Cela fait à peine trois mois que K.G., première partie de ce qui est clairement un album double, tombait dans les bacs des disquaires. Pour les connaisseurs des belles années du groupe, notamment 2017, où les musiciens ont sorti pas moins de cinq disques, cela pourrait presque avoir des airs de relâchement, mais comparativement à – prenons un exemple au hasard, tiens – Daft Punk, qui vient de se séparer après sept ans, voire huit sans rien lancer de concret, le rythme de production est effréné.
L.W., donc, conclusion logique après K.G., bien entendu, est aussi la troisième partie d’un triptyque monotonal entamé avec Flying Microtonal Banana, l’un des cinq albums de 2017. Pour les initiés, cela signifie un type de ton musical bien spécifique, avec des intervalles plus petits qu’un demi-ton. Pour les profanes, toutefois, il suffit de savoir que les membres de KGLW ont choisi d’utiliser des instruments particuliers, ce qui donne un côté spécifique à la musique. Dans le bon sens du terme, bien sûr. Et évidemment, tout cela s’inscrit dans un contexte d’expérimentation musicale, ce qui forme l’un des piliers fondateurs du groupe.

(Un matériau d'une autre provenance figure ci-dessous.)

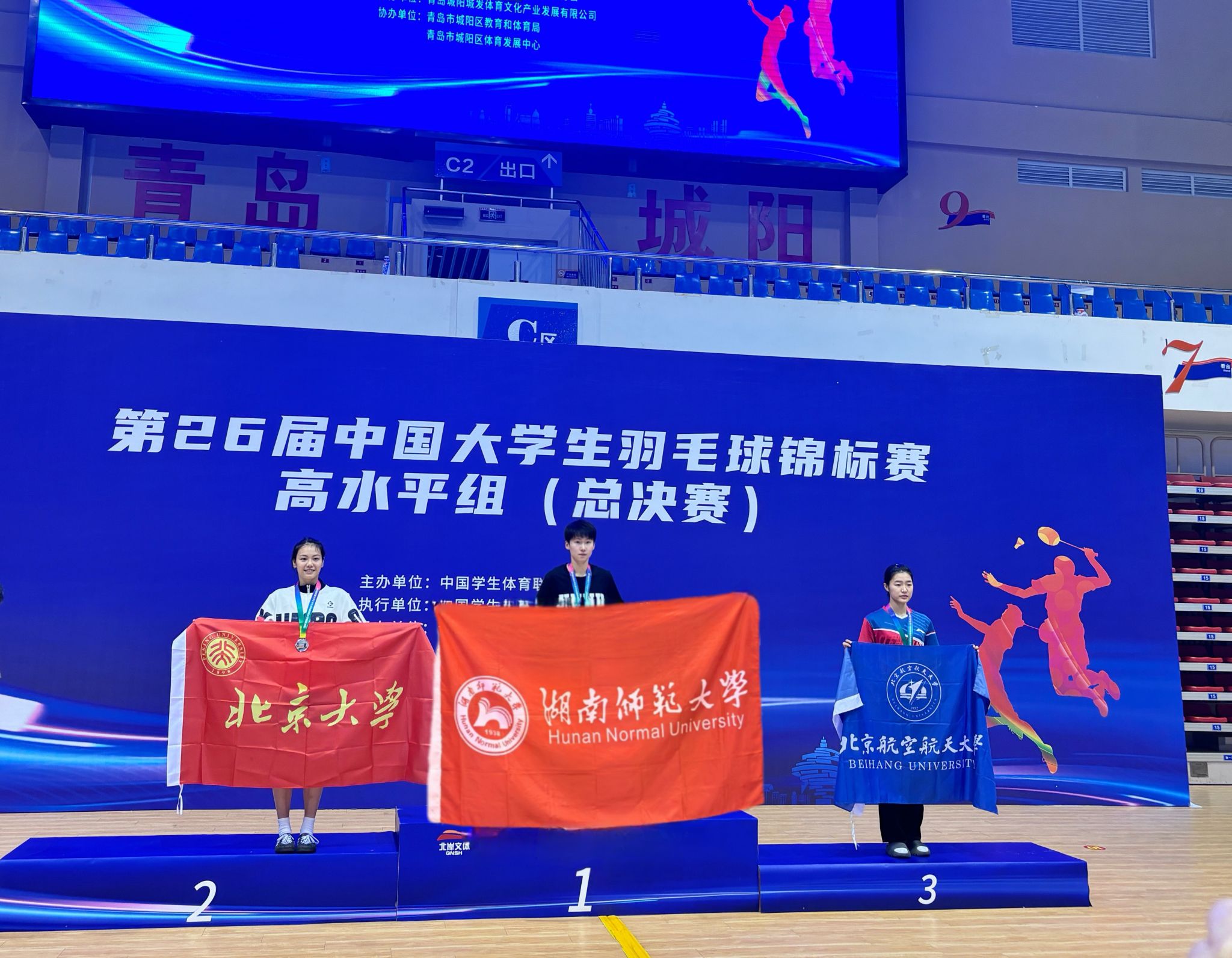 (通讯员 郭然)近日,2024年全国大学生羽毛球锦标赛(高水平组)总决赛落下帷幕。本次比赛我校11名运动员参加男女团体,女子单打,女子双打,混合双打等多个项目角逐。我校2024级运动训练专业研究生高睿在总决赛中战胜北京大学,上海交通大学、同济大学、华中师范大学等高校的劲敌,夺取总决赛女单冠军。

Deux disques comportant chacun une pièce K.G.L.W., l’un au début, l’autre à la fin, avec les mêmes sonorités; cette volonté d’examiner des sons un peu plus nasillards… un peu plus orientaux, aussi, comme si le groupe avait effectué un large détour par la Turquie, mais aussi par les souks les plus branchés d’Afrique du Nord pour y trouver de l’inspiration; sans oublier du bon gros rock sale aux allures de sacrifice sataniste. Tout cela se rencontre, s’unit, se sépare, se télescope dans une odyssée musicale qui nécessite que l’on reprenne quelques fois son souffle.

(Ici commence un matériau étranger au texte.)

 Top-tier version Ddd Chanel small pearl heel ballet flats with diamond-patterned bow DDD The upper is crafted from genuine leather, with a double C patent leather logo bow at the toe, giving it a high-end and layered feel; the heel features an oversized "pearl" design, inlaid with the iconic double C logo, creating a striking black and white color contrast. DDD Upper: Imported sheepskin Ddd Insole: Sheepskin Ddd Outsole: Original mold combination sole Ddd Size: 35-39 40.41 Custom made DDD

Et donc, est-ce du pareil au même? Ou plutôt, une nouvelle dose d’une formule qui fonctionne bien? Oui… et non. L.W., d’abord, sonne comme un album complémentaire. Il s’écoute sans avoir connaissance de son prédécesseur, bien entendu, comme K.G. s’écoute sans son successeur, mais on a peut-être l’impression que les neuf nouvelles pièces sont un peu plus abouties, un peu plus travaillées et complètes que les 10 chansons qui se trouvaient sur K.G.
Les avis varient, bien entendu, mais peut-être qu’il serait possible d’imputer cela à une certaine retenue dans le désir, de la part des gars du groupe, de risquer de pousser le bouchon un peu trop loin. À titre d’exemple, on retrouve, dans la pièce O.N.E., du nouvel album, des accords de guitare similaires à ce que l’on retrouvait dans Straws in the Wind, sur le précédent disque. Mais… sans tout le côté agaçant, répétitif de cette dernière.

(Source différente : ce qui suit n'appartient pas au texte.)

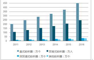 2011-2016年我國(guó)不同類型助聽(tīng)器消費(fèi)量對(duì)比
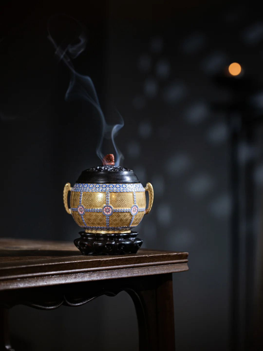 以“圆”为形,温润如玉。周身覆盖层叠珐琅彩,靛蓝、翠绿、深紫与描金交织,如星河在掌心流转。它既是收纳香品的实用器,也是一件可以时时把玩的掌中珍。圆满的形态,藏着对生活“圆融如意”的祝愿。
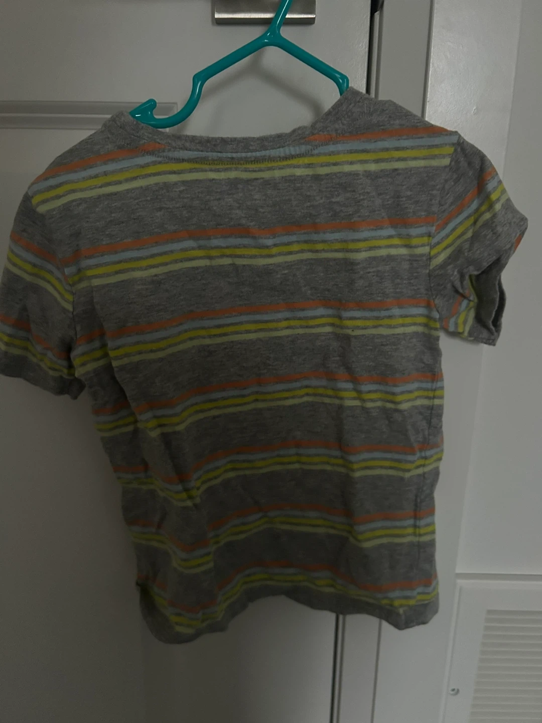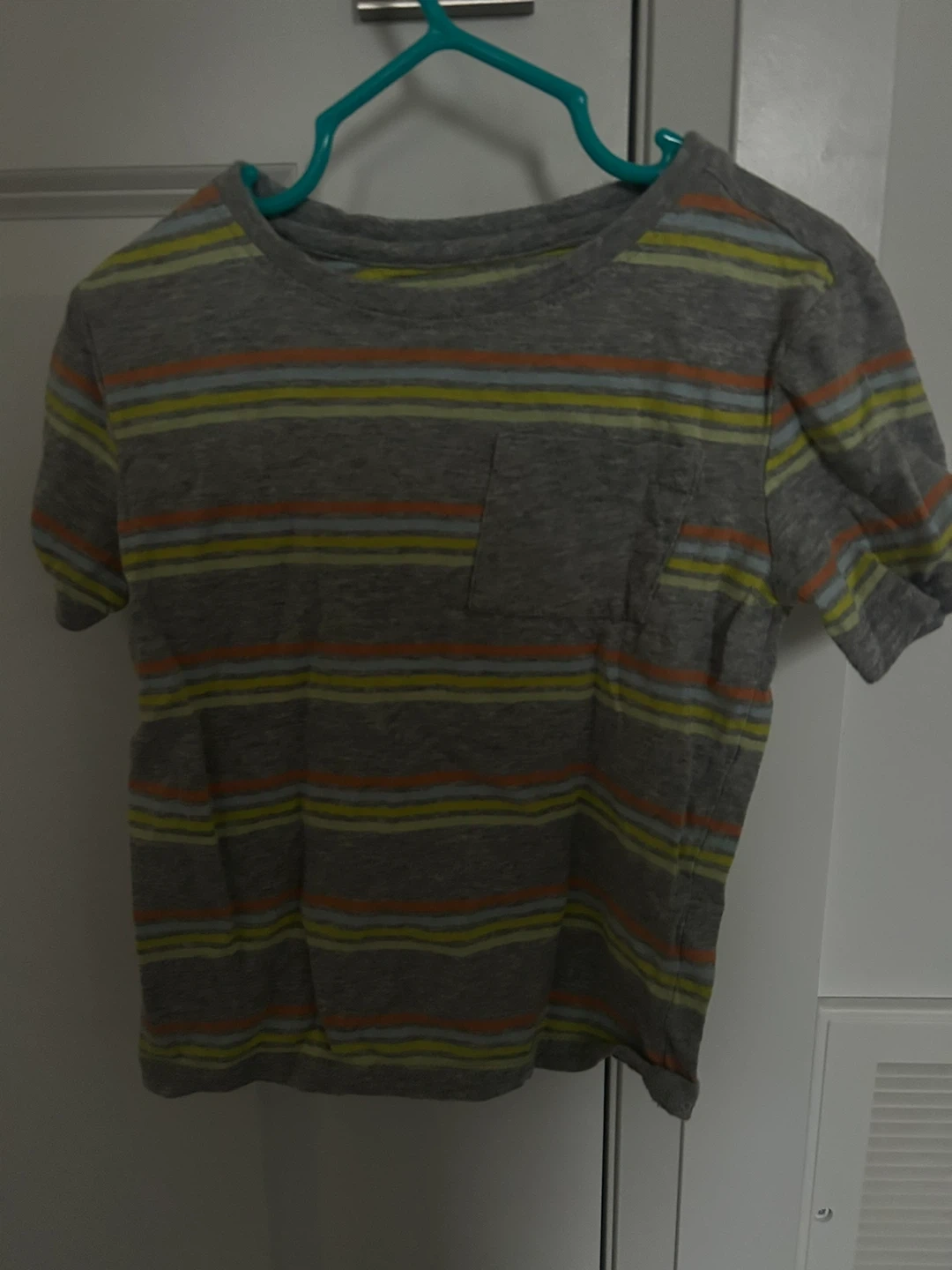 A comfy grey t-shirt with horizontal stripes in yellow, orange, and light blue. It's got a classic crew neck and a handy chest pocket. Perfect for everyday wear!

Bon, casser du sucre sur le dos de cette chanson spécifique est facile, mais force est de constater que K.G. et L.W. mis ensemble donnent naissance à un trip musical de près de deux heures dont on s’éveille après avoir fait l’équivalent d’un rêve psychédélique. À preuve, le vidéoclip de la pièce O.N.E, qui rappelle les années 1960, ou encore l’incroyable aventure d’If Not Now, Then When?.
Une chose est donc certaine: L.W. est la nouvelle pièce du vaisseau spatial musico-intergalactique du groupe, et le décollage est immédiat. Fort heureusement, il n’y a aucune amende pour les retardataires.